PeiR is a lytic enzyme which is a methanogen virus that infects Methanobrevibacter ruminantium M1. Do all protease have active sites, if so how do I find it with the sequence only.
All proteases have an active site, since by definition that is where catalysis occurs.
To identify the likely active site residues, you should align the sequence of PeiR with the sequences of a closely related enzyme for which the active site is understood.
Here is a key paper on PeiR.
Article Inhibition of Rumen Methanogens by a Novel Archaeal Lytic En...
From this paper: "PeiR on the other hand has a catalytic domain belonging to the CA clan of the Peptidase_C39 PFAM family"
There is a database called MEROPS which contains information about proteases. Here is the page from that database on the C39 family of the CA clan.
Based on experience, proteins in the same family with at least 20% sequence identity have similar structures. The sequences might not align well, but the structures should at least in the catalytic region.
Get the sequence of PeiR lytic enzyme. It's probably on Uniprot or your know the sequence. I am guessing this is the one:
https://www.uniprot.org/uniprotkb/D3DZZ6/entry
AlphaFold it using Google Collab servers or if that was the one then you can see on the Uniprot page it was already AlphaFolded.
AlphaFold page for PeiR enzyme linked from Uniprot.
https://alphafold.ebi.ac.uk/entry/D3DZZ6
Download the PDB file and use it to fish for protein structure or protein complex files in the entire Protein Data bank. Upload the Alphafolded PDB file to to PDBeFold or the Dali Server:
PDBeFold: https://www.ebi.ac.uk/msd-srv/ssm/
Dali Server: http://ekhidna2.biocenter.helsinki.fi/dali/
If the sequence I found on Uniprot was correct then I already did the Dali search for you. Results will expire in one week.

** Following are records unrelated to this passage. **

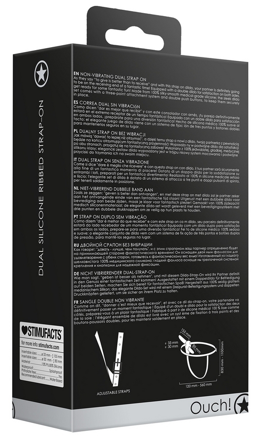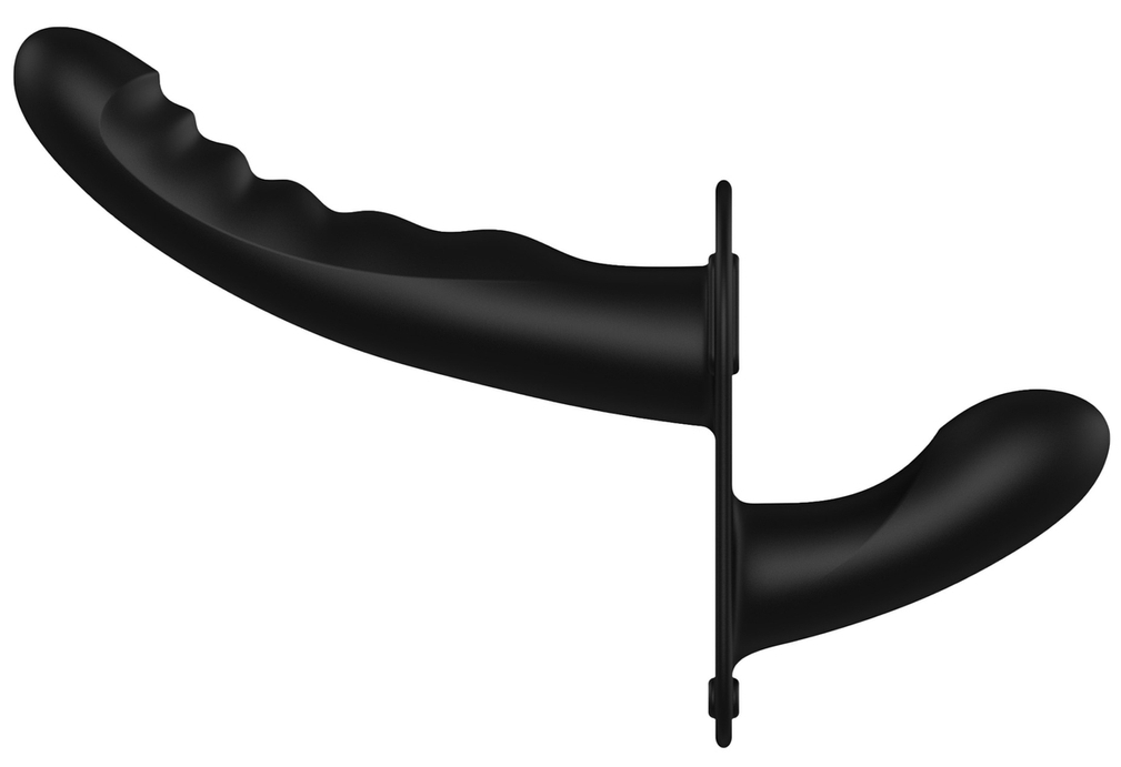 Gode ceinture double Dual Ribbed 15 x 3.3cm Noir
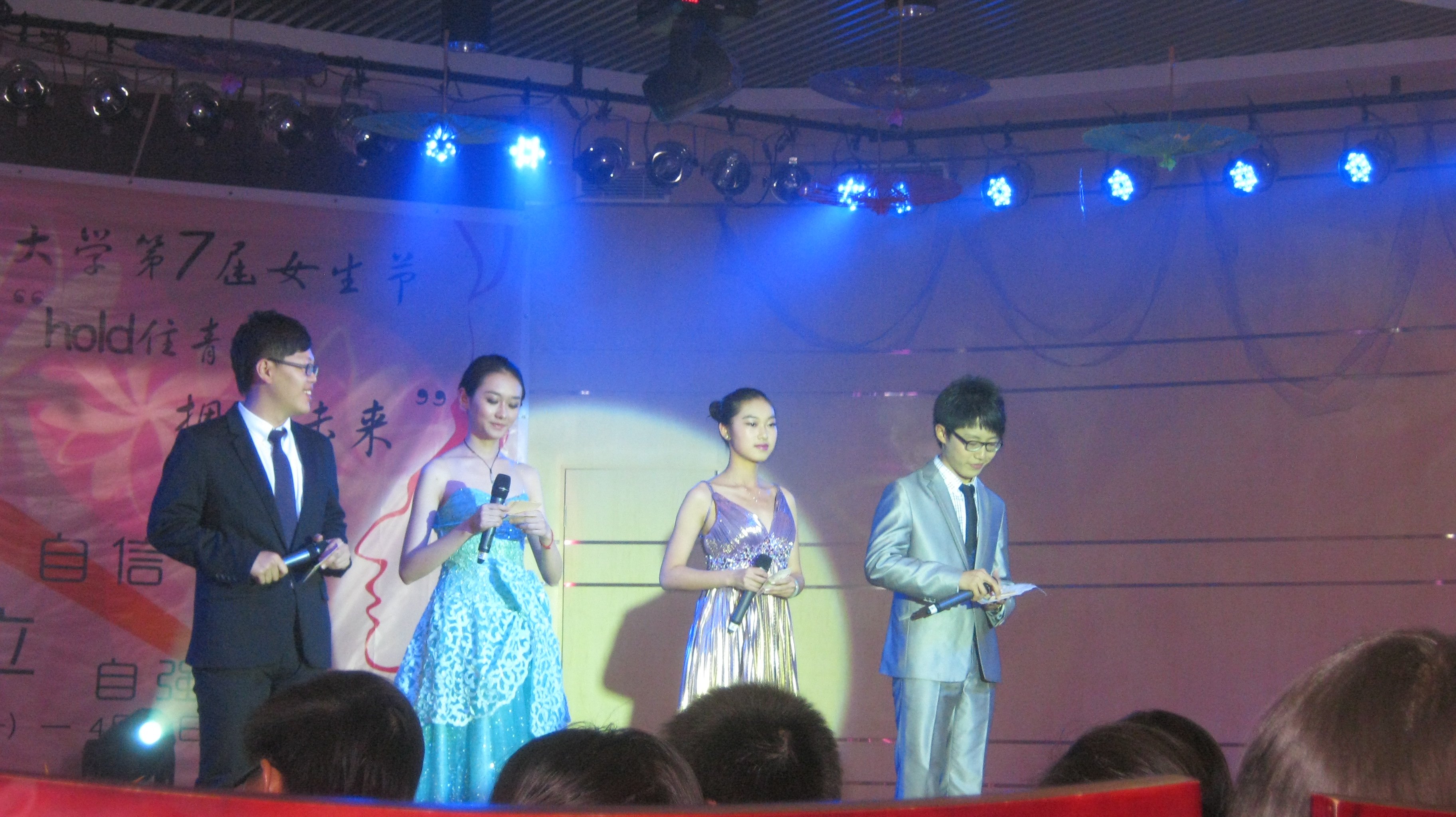 10日晚7点半,“HOLD住青春,拥抱未来”开幕晚会紧随展开,晚会掀起一个又一个高潮,在青春活力的表演之后,云南大学副校长刘晓江宣布云南大学第七届女生节正式开幕,并预祝此次女生节圆满成功。
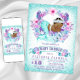 Ethnic mermaid baby shower invitations with adorable African American mermaid draped in pearls on a beautiful lavender purple and teal blue under the sea background with sea horses and sea shells. These mermaid baby shower invitations are easily customised for your event by simply adding your details. You can also change the background colour on these pretty mermaid baby shower invitations. This is a printed design with no real glitter.
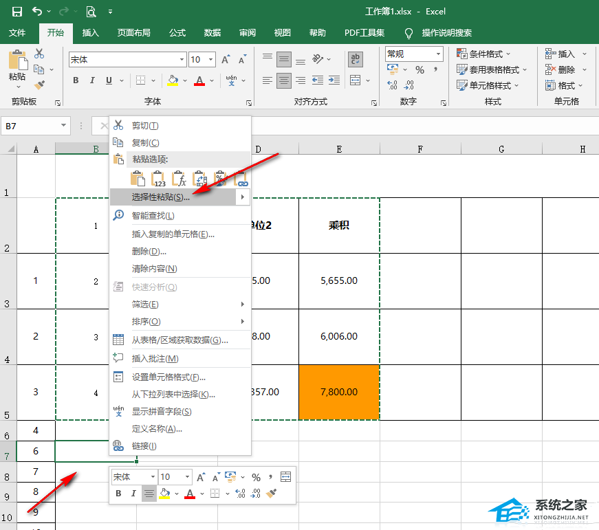 5、我们也可以在复制之后点击一个空白单元格,然后右键单击选择“选择性粘贴”选项。
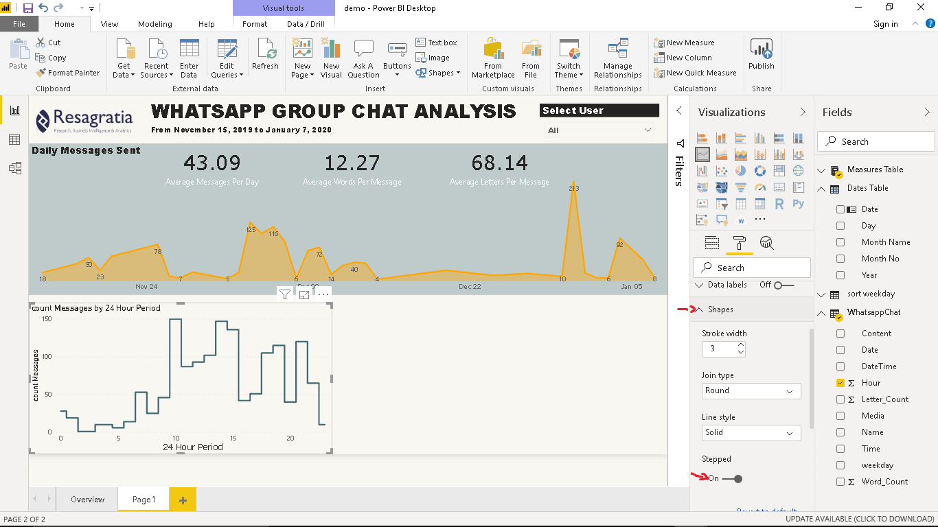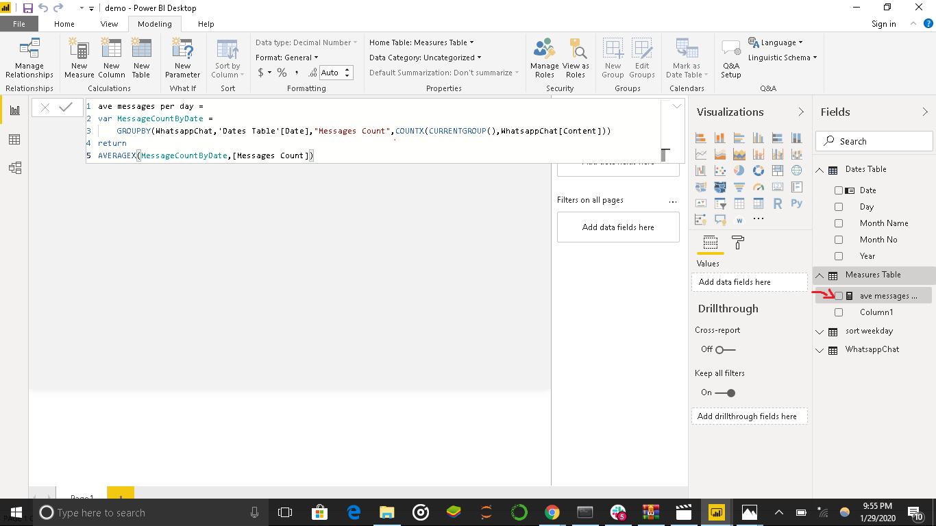 Average Letters Per Message = AVERAGE(WhatsappChat[Letter_Count])

Look for proteases or peptidases with a peptide ligand bound. If the predicted structure of your protein superimposes well with proteases on the Dali server and there is a ligand bound also from the crystal structures and the ligand is a peptide then find the accession code for the PDB file and go to the protein data bank and search for the accession number or PDB code.
Protein Data Bank:
https://www.rcsb.org/
Download that PDB file of the structural similar protease with the peptide bound. Open the PDB files in Pymol for the similar proteases with peptide bound and your alphafolded structure of PeiR peptidase. Structurally superimpose the structures with cealign command. It is superior to the align command.

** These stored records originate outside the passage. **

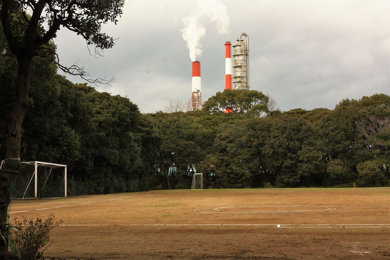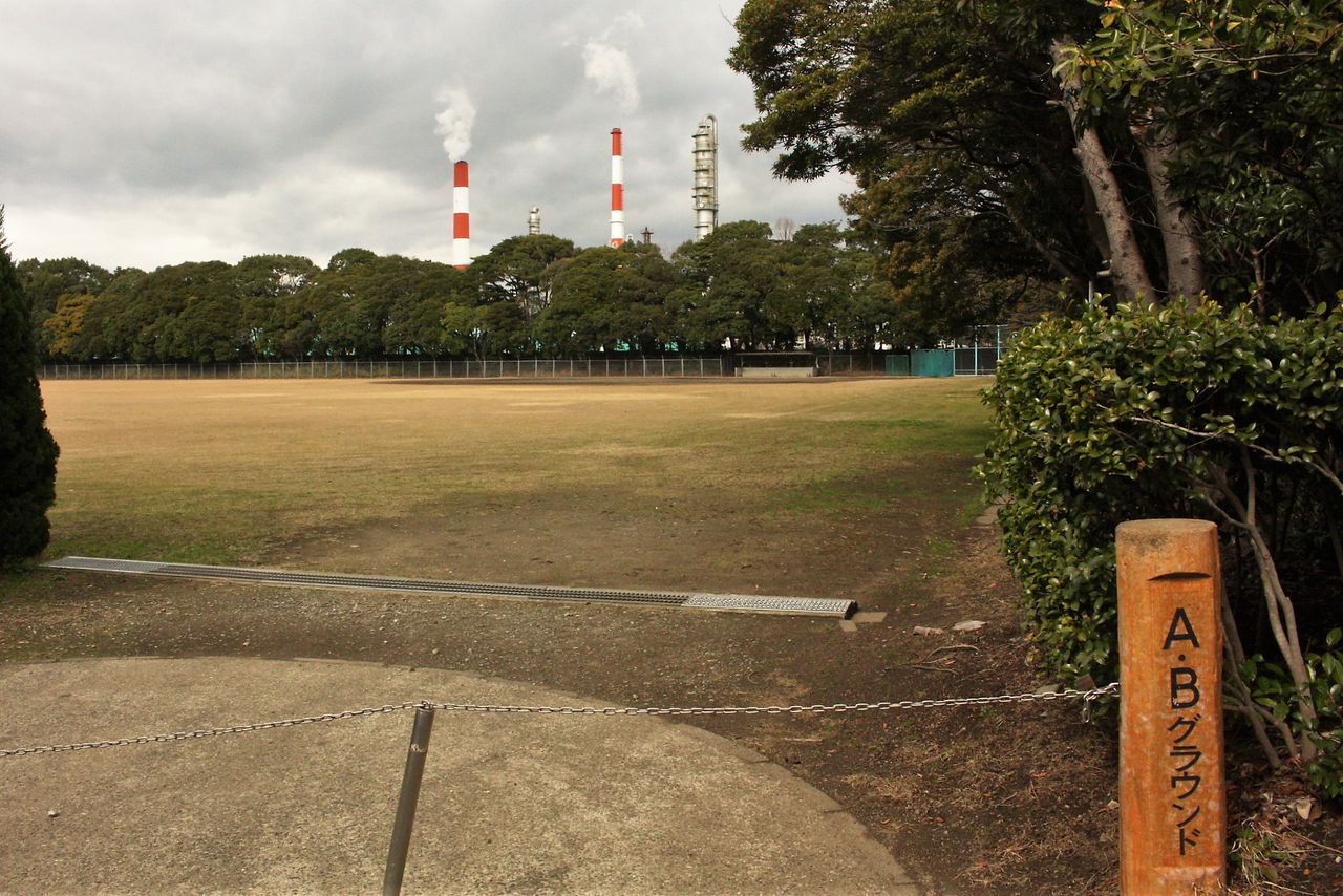 12:32 適当なところで引き返して南西方向に戻ります。緑地の北側(コンビナート側)にはサッカー兼ソフトボールのグラウンドがありました。
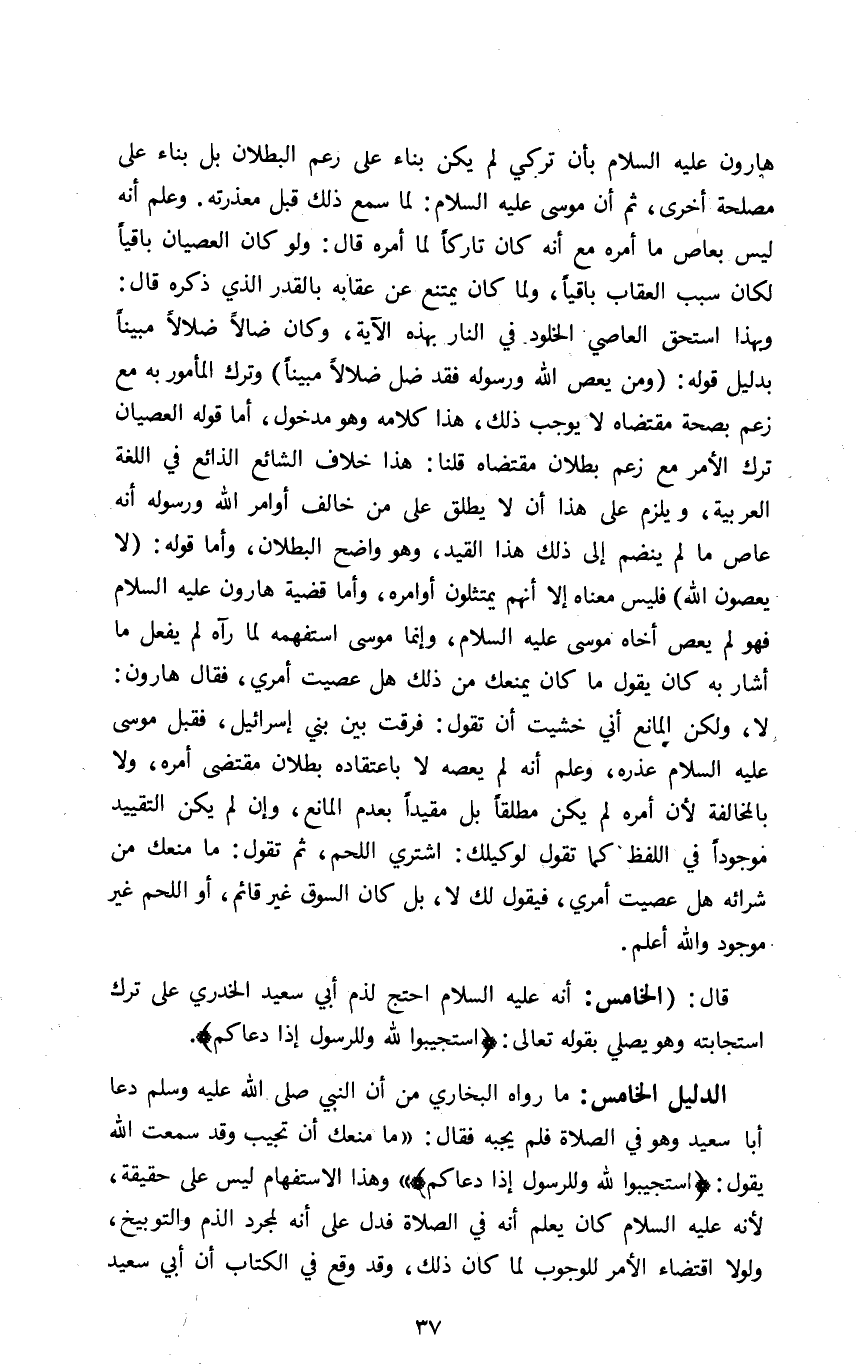 قال: الخامس: أنه عليه السلام احتج لذم أبي سعيد الخدري على ترك استجابته وهو يصلي بقوله تعالى: {اسْتَجِيبُوا لِلَّهِ وَلِلرَّسُولِ إِذَا دَعَاكُمْ} .
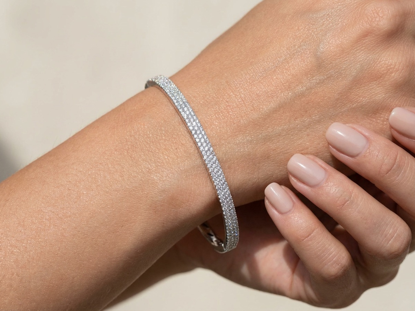 Bracelet de qualité pour homme orné de 3 rangées de diamants blancs, taille brillant, +-210 brillants : ±2,10 ct, couleur : D-E-F blanc exceptionnel et pureté : VS-SI. Monté en or blanc 18 carats. Poids : ±18,5 grammes et dimensions intérieures : ±65 mm sur 54 mm
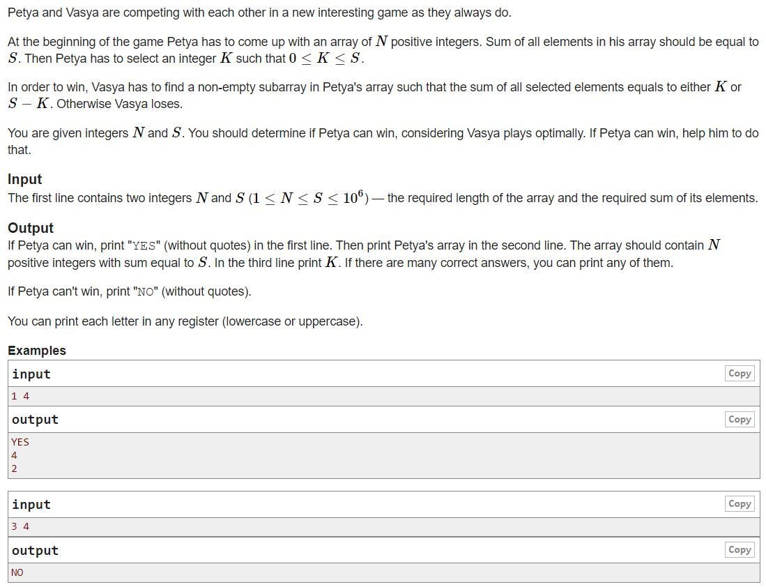 Observe sum >= 2n there is an answer

I pretty much already found the active site because there were a lot of structurally similar peptidases with peptides bound in the Dali search.
I won't take the fun from you, though. You can take it from here.
Let me know if you have any questions. This is super fun for me. The answer is just a couple clicks away.
I think I found the active_site by the way except I used the "super" align command to align the Alphafolded structure of PeiR peptidase to 6mpz chain A.
Basically:
> super AF-D3DZZ6-F1-model_v4, 6mpz and chain A, object = alignment_to_6mpz
This was essentially the top ranked hit in the Dali search.
The peptide is in chain M of 6mpz PDB accecssion code. Using pymol's selection algebra, I found all residues within 5 angstroms of the peptide after the super alignment and labeled all the residues.
Basically: select active_site, byres all within 5 of 6mpz and chain M
I generated vacuum electrostatics for Alphafolded PeiR endopeptidase and set the transparency to 0.4 so you can see the surface representation that the peptide sits over as well as the active site residues.
Action > Generate > Vacuum electrostatics
I could have potentially made some kind of critical mistake as I don't know a lot about PeiR peptidase biochemistry, but this makes sense to me. It's up to you to evaluate it. AlphaFold isn't perfect, but it is the best protein structure prediction software available.
PDB information for 6MPZ.
https://www.rcsb.org/structure/6MPZ
Here is the paper associated with the crystal structure of PDB code with 6MPZ: https://elifesciences.org/articles/42305#content
The attached file is a Pymol session file.
You can align a few more structures now from the Dali or PDBeFold searches.